New Testament Significance
The location and timing of the Alexamenos Graffito reflects the presence and opposition of early Christianity in ancient Rome. In the New Testament, the mockery of Jesus Christ as well as Christianity had already been anticipated.
Jesus foretold that his followers would be hated and persecuted by all nations because of him (Mt 24.9). Besides, Jesus also mentioned that some who once followed him would be ashamed of him and of his words (Mk 8.38; Lk 9:26). Importantly, Jesus claimed that anyone who wants to be his disciple should take up the cross and follow him (Mt 10.38; 16.24; Mk 8.34; Lk 9.23; 14.27). In the Roman Empire, the cross represented shame. Hence, Jesus’ disciples should bear shame and ridicule for his sake, inasmuch as Jesus himself was treated with contempt and mockery (Lk 23.11).

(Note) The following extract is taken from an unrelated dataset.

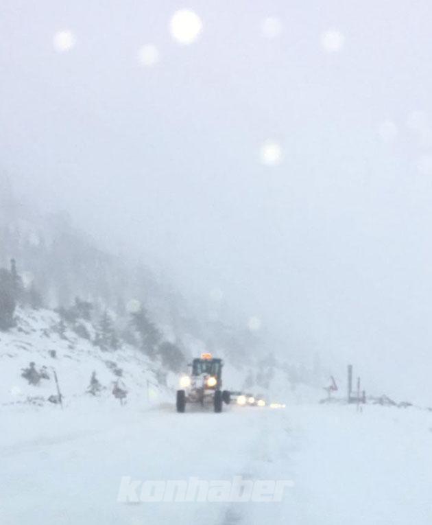 Konya'yı Antalya'ya bağlayan Seydişehir-Antalya kara yolunun 1825 rakımlı Alacabel mevkisinde aralıklarla devam eden kar yağışı etkisini sürdürüyor.

Likewise, apostle Paul also put that the message of the cross seems foolish to non-Christians (1 Cor 1.18, 23). Meanwhile, Paul himself also underwent sufferings for the sake of Jesus Christ and the Christian faith (2 Cor 11. 16-27; 2 Tim 1.8; 2.9). Moreover, the writer of Hebrews encouraged Christians to fix their eyes on Jesus so that they can endure the persecution and shame associated with the cross (Heb 12.2).
In a word, the mockery of Jesus Christ and the Christian faith, expressed by the Alexamenos Graffito, was anticipated in the New Testament.